— WHAT IS EXPECTED —
Everything from the line holding "洗碗机大牌热销款,关键数据来" to the end of the data must be reproduced exactly; include both boundary lines and nothing else.

**** EXERCISE DATA ****

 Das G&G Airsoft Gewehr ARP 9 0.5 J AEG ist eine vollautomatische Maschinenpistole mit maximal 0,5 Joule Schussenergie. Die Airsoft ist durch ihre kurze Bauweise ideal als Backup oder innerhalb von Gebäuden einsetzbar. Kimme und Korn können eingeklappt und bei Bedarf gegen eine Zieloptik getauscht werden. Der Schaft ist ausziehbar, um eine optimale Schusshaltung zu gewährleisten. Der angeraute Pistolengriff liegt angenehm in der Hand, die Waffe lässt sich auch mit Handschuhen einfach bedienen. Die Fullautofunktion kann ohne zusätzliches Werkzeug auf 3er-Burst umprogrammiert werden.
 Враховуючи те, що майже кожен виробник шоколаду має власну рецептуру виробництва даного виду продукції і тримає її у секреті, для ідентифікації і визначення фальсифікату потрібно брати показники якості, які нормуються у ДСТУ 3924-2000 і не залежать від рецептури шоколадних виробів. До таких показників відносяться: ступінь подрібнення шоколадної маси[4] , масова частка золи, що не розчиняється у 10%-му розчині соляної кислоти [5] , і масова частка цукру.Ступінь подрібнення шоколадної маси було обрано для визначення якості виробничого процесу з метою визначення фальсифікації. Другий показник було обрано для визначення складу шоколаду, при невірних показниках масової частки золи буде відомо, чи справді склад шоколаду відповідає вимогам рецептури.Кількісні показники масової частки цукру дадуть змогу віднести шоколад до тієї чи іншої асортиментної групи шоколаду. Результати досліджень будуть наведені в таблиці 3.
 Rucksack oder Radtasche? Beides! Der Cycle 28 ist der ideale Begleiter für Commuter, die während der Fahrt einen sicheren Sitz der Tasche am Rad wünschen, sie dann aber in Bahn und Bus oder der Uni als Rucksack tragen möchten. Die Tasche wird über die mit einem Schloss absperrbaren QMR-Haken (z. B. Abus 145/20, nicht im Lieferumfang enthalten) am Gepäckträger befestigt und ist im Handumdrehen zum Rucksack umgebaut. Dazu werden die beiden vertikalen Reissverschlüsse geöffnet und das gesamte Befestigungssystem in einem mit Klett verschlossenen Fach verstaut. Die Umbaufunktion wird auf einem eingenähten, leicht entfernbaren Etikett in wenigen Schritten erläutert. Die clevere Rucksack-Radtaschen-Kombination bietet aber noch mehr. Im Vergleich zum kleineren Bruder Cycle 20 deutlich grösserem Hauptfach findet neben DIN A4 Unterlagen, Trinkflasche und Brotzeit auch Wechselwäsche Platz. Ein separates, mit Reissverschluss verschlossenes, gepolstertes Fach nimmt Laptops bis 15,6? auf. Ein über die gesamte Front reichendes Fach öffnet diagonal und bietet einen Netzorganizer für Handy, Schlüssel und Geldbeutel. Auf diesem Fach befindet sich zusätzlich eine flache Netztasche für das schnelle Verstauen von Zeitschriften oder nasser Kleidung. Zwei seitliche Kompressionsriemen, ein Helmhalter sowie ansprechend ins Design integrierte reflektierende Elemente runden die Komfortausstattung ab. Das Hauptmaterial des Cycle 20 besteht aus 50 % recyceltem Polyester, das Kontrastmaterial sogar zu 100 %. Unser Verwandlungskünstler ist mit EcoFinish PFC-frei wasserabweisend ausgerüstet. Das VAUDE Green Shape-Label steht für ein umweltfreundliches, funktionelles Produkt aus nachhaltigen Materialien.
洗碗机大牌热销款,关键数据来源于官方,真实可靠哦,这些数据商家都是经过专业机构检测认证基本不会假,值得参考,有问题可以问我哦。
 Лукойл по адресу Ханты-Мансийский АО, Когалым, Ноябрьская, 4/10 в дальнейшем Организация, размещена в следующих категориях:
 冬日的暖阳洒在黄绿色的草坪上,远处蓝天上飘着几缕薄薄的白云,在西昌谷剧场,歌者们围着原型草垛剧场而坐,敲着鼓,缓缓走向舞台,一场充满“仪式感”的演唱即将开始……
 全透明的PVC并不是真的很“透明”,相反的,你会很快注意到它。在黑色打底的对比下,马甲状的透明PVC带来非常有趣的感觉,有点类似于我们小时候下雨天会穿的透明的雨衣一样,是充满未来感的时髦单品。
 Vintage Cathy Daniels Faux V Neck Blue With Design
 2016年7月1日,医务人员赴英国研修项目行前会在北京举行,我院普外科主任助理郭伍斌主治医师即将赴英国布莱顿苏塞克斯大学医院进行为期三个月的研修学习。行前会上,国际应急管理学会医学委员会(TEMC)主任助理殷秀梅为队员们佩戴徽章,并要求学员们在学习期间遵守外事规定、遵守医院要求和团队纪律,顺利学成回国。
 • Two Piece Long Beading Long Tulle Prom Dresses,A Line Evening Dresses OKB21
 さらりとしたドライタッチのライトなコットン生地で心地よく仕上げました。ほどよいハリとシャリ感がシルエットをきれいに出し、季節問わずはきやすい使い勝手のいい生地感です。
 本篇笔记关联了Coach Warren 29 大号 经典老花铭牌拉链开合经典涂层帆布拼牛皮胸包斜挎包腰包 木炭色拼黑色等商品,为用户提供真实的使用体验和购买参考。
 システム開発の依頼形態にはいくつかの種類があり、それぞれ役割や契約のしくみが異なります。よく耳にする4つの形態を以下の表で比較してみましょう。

****

— REPLY —
洗碗机大牌热销款,关键数据来源于官方,真实可靠哦,这些数据商家都是经过专业机构检测认证基本不会假,值得参考,有问题可以问我哦。
 Лукойл по адресу Ханты-Мансийский АО, Когалым, Ноябрьская, 4/10 в дальнейшем Организация, размещена в следующих категориях:
 冬日的暖阳洒在黄绿色的草坪上,远处蓝天上飘着几缕薄薄的白云,在西昌谷剧场,歌者们围着原型草垛剧场而坐,敲着鼓,缓缓走向舞台,一场充满“仪式感”的演唱即将开始……
 全透明的PVC并不是真的很“透明”,相反的,你会很快注意到它。在黑色打底的对比下,马甲状的透明PVC带来非常有趣的感觉,有点类似于我们小时候下雨天会穿的透明的雨衣一样,是充满未来感的时髦单品。
 Vintage Cathy Daniels Faux V Neck Blue With Design
 2016年7月1日,医务人员赴英国研修项目行前会在北京举行,我院普外科主任助理郭伍斌主治医师即将赴英国布莱顿苏塞克斯大学医院进行为期三个月的研修学习。行前会上,国际应急管理学会医学委员会(TEMC)主任助理殷秀梅为队员们佩戴徽章,并要求学员们在学习期间遵守外事规定、遵守医院要求和团队纪律,顺利学成回国。
 • Two Piece Long Beading Long Tulle Prom Dresses,A Line Evening Dresses OKB21
 さらりとしたドライタッチのライトなコットン生地で心地よく仕上げました。ほどよいハリとシャリ感がシルエットをきれいに出し、季節問わずはきやすい使い勝手のいい生地感です。
 本篇笔记关联了Coach Warren 29 大号 经典老花铭牌拉链开合经典涂层帆布拼牛皮胸包斜挎包腰包 木炭色拼黑色等商品,为用户提供真实的使用体验和购买参考。
 システム開発の依頼形態にはいくつかの種類があり、それぞれ役割や契約のしくみが異なります。よく耳にする4つの形態を以下の表で比較してみましょう。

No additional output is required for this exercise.